Historiography of World War II


Historiography of World War II

World War II was the costliest conflict in human history; and ever since its conclusion vast amounts of time and effort have been poured into chronicling and interpreting it. Unsurpisingly, disagreements have arisen over what interpretation is 'correct', and this article attempts to chronicle them below:

Canada

Canada deployed trained historians to Canadian Military Headquarters in the United Kingdom during the war, and paid much attention to the chronicling of the conflict, not only in the words of the official historians of the Army Historical Section, but also through art and trained painters.

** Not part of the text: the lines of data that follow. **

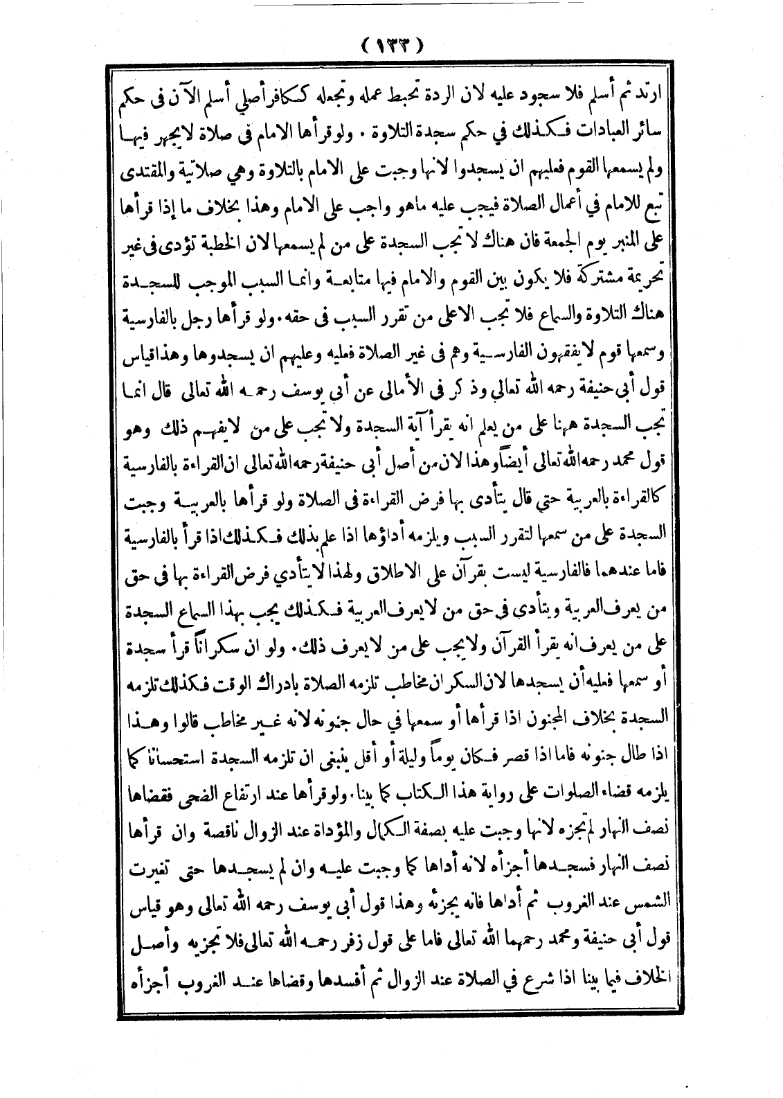 وَلَوْ قَرَأَهَا رَجُلٌ بِالْفَارِسِيَّةِ وَسَمِعَهَا قَوْمٌ لَا يَفْقَهُونَ الْفَارِسِيَّةَ وَهُمْ فِي غَيْرِ الصَّلَاةِ فَعَلَيْهِ وَعَلَيْهِمْ أَنْ يَسْجُدُوهَا وَهَذَا قِيَاسُ قَوْلِ أَبِي حَنِيفَةَ - رَحِمَهُ اللَّهُ تَعَالَى -، وَذَكَرَ فِي الْأَمَالِي عَنْ أَبِي يُوسُفَ - رَحِمَهُ اللَّهُ تَعَالَى - قَالَ إنَّمَا تَجِبُ السَّجْدَةُ هَهُنَا عَلَى مَنْ يَعْلَمُ أَنَّهُ يَقْرَأُ آيَةَ السَّجْدَةِ وَلَا تَجِبُ عَلَى مَنْ لَا يَفْهَمُ ذَلِكَ وَهُوَ قَوْلُ مُحَمَّدٍ - رَحِمَهُ اللَّهُ تَعَالَى - أَيْضًا وَهَذَا لِأَنَّ مِنْ أَصْلِ أَبِي حَنِيفَةَ - رَحِمَهُ اللَّهُ تَعَالَى - أَنَّ الْقِرَاءَةَ بِالْفَارِسِيَّةِ كَالْقِرَاءَةِ بِالْعَرَبِيَّةِ حَتَّى قَالَ يَتَأَدَّى بِهَا فَرْضُ الْقِرَاءَةِ فِي الصَّلَاةِ وَلَوْ قَرَأَهَا بِالْعَرَبِيَّةِ وَجَبَتْ السَّجْدَةُ عَلَى مَنْ سَمِعَهَا لِتَقَرُّرِ السَّبَبِ وَيَلْزَمُهُ أَدَاؤُهَا إذَا عَلِمَ بِذَلِكَ فَكَذَلِكَ إذَا قَرَأَ بِالْفَارِسِيَّةِ، فَأَمَّا عِنْدَهُمَا فَالْفَارِسِيَّةُ لَيْسَتْ بِقُرْآنٍ عَلَى الْإِطْلَاقِ وَلِهَذَا لَا يَتَأَدَّى فَرْضُ الْقِرَاءَةِ بِهَا فِي حَقِّ مَنْ يَعْرِفُ الْعَرَبِيَّةَ وَيَتَأَدَّى فِي حَقِّ مَنْ لَا يَعْرِفُ الْعَرَبِيَّةَ فَكَذَلِكَ يَجِبُ بِهَذَا السَّمَاعِ السَّجْدَةُ عَلَى مَنْ يَعْرِفْ أَنَّهُ يَقْرَأُ الْقُرْآنَ وَلَا يَجِبُ عَلَى مَنْ لَا يَعْرِفُ ذَلِكَ.
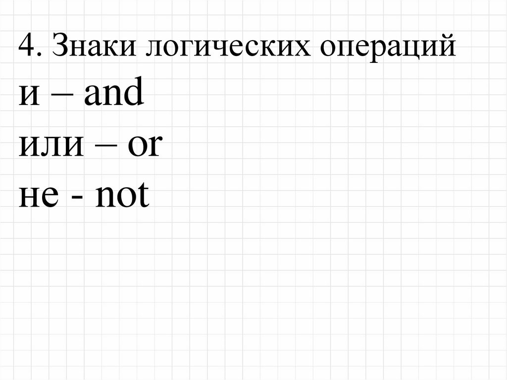 4. Знаки логических операцийи – and
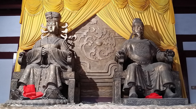 二圣殿中央供奉唐高宗李治和武则天真容铜像。这里讲述了中国历史十分罕见的现象:皇帝和皇后同朝共事,掌握朝政。
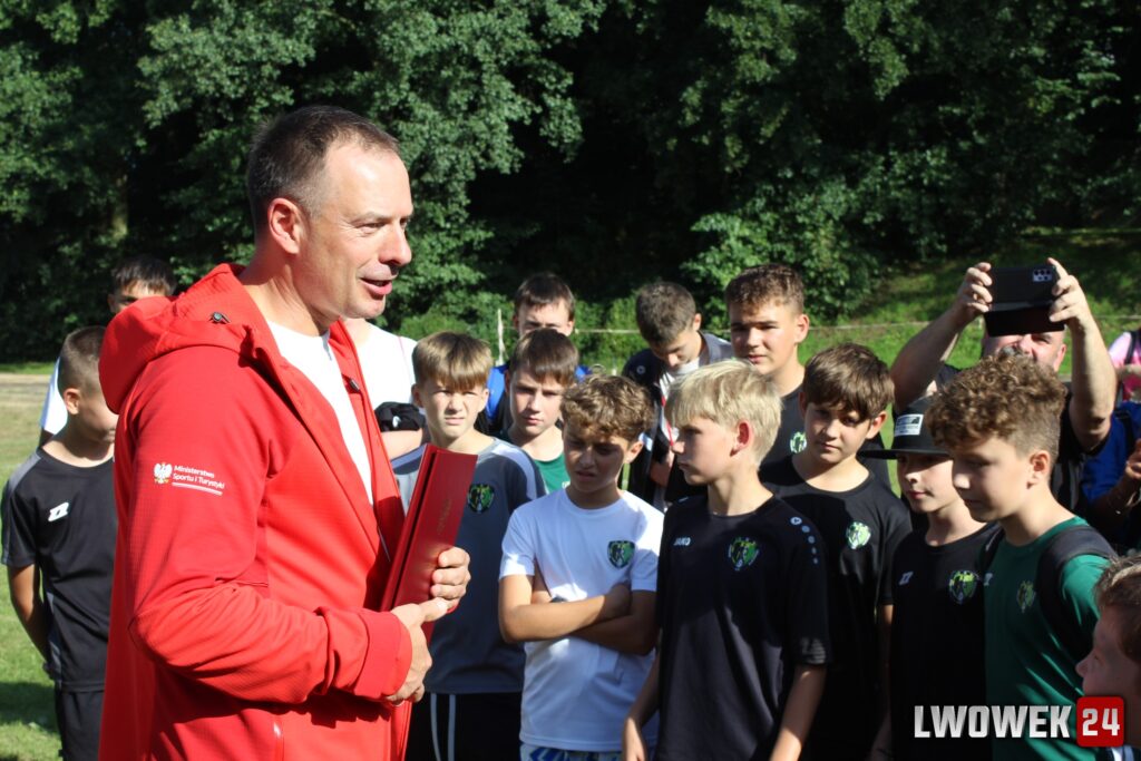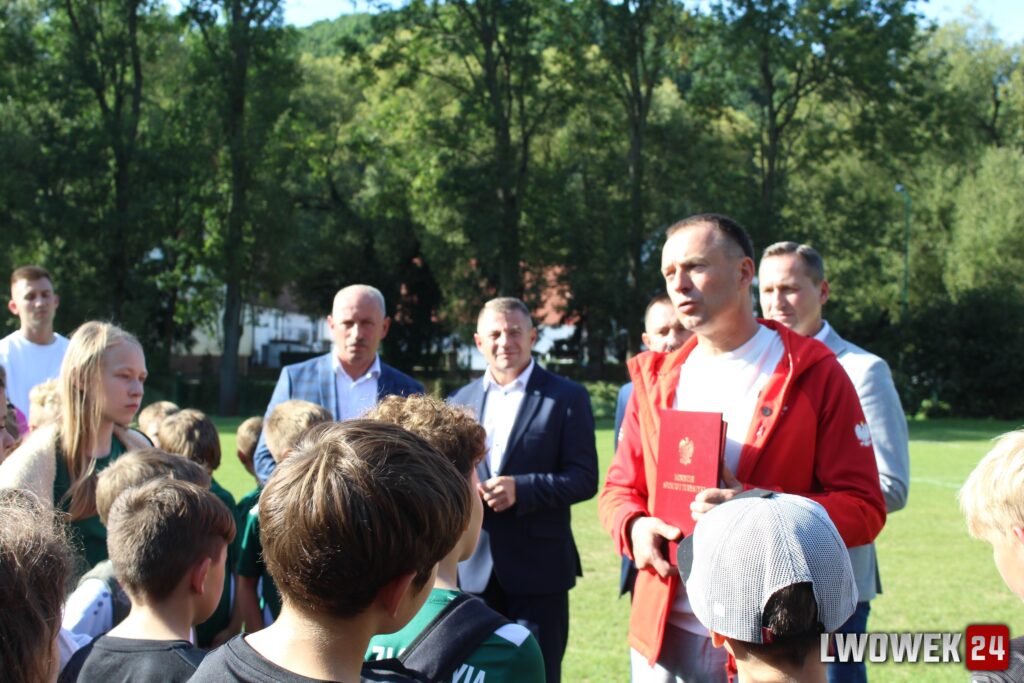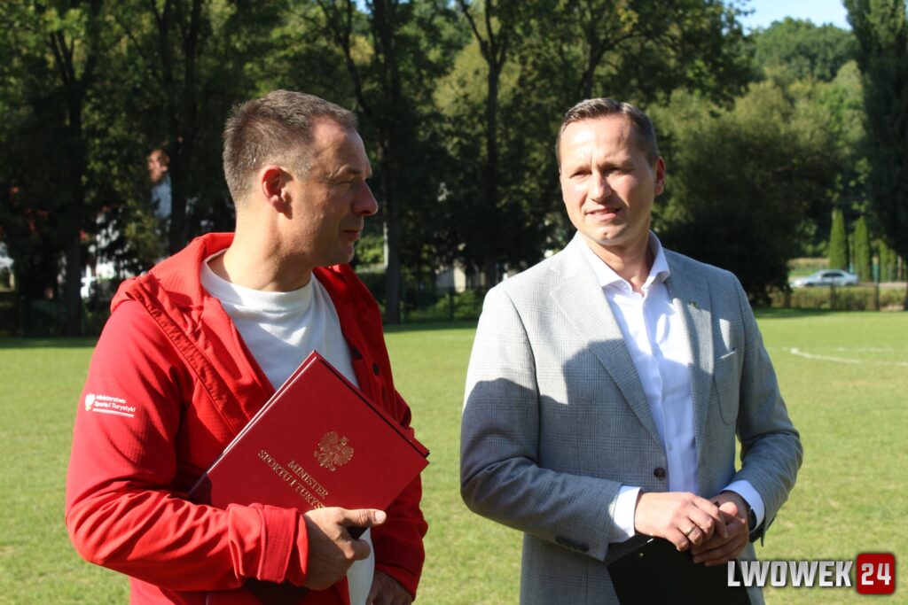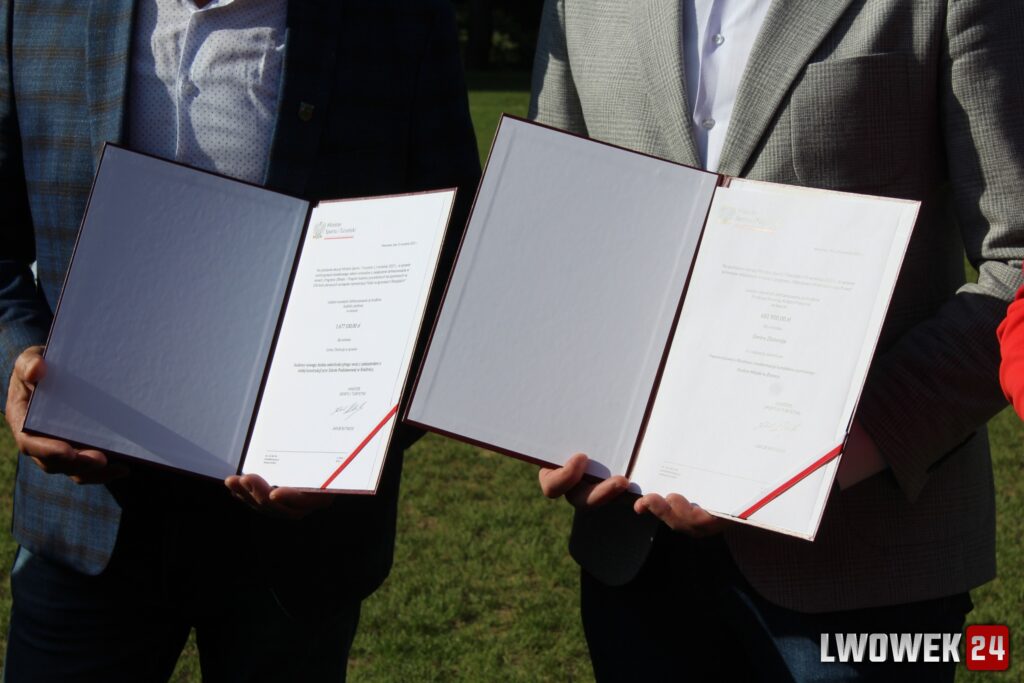 Wiceminister Piotr Borys ogłosił przekazanie znaczących środków na odbudowę i rozwój infrastruktury sportowej, a następnie wręczył Burmistrzowi i Wójtowi decyzję o przyznaniu środków:

The official history of the Canadian Army was undertaken after the war, with an interim draft published in 1948 and three volumes in the 1950s. This was in comparison to the First World War's official history, only 1 volume of which was completed by 1939, and the full text only released after a change in authors some 40 years after the fact. Official histories of the RCAF and RCN in the Second World War were also a long time coming, and the book "Arms, Men and Government" by Charles Stacey (one of the main contributors to the Army history) was published in the 1980s as an "official" history of the war policies of the Canadian government.

Some battles have remained controversial, such as Hong Kong and Dieppe, and a variety of books have been written on them from various points of view. Serious historians - mainly scholars - emerged in the years after the Second World War, foremost Terry Copp (a scholar) and Denis Whitaker (a former soldier).

Eastern Front

It is commonly said that history is written by the victors; but the exact opposite occurred in the chronicling of the Eastern Front, particularly in the West. Soviet secrecy and unwillingness to acknowledge events that might discredit the regime lead to them revealing little information, always heavily edited - leaving western historians to rely almost totally on German sources. While still valuable sources, they tended to be self-serving; German generals in particular tried to distance themselves and the Heer as a whole away from the Nazi Party, while at the same time blaming them for their defeat (individuals supporting these arguments are commonly called part of the 'Hitler Lost Us The War' group). While this self-serving was noticed at the time (see Barbarossa by Alan Clark), it was still generally accepted as the closest version of the truth. The end result was a commonly held picture of the Heer being the superior army, ground down by the vast numbers of the 'Bolshevik horde' and betrayed by the stupidity of its leader (ie Hitler). Not only did this ignore Hitler's talent as a military leader (something the West, and Germany, is generally loathe to acknowledge), it also severely undervalued the remarkable transformation of the Soviet armed forces (and in particular the RKKA, the Red Army) from the timid, conservative force of 1941 to the greatest operational-level military the world has ever seen.

After the fall of the wall, Western historians were suddenly exposed to the vast number of Soviet records of the time. This has led to an explosion of the works on the subject, most notably by Richard Overy, David Glantz and (perhaps infamously) Antony Beevor. These historians emphasised the brutality of Stalin's regime, the recovery of the USSR and the RKKA in 1942 and the courage and abilities of the average Russian soldier, relying heavily on Soviet archival material to do so.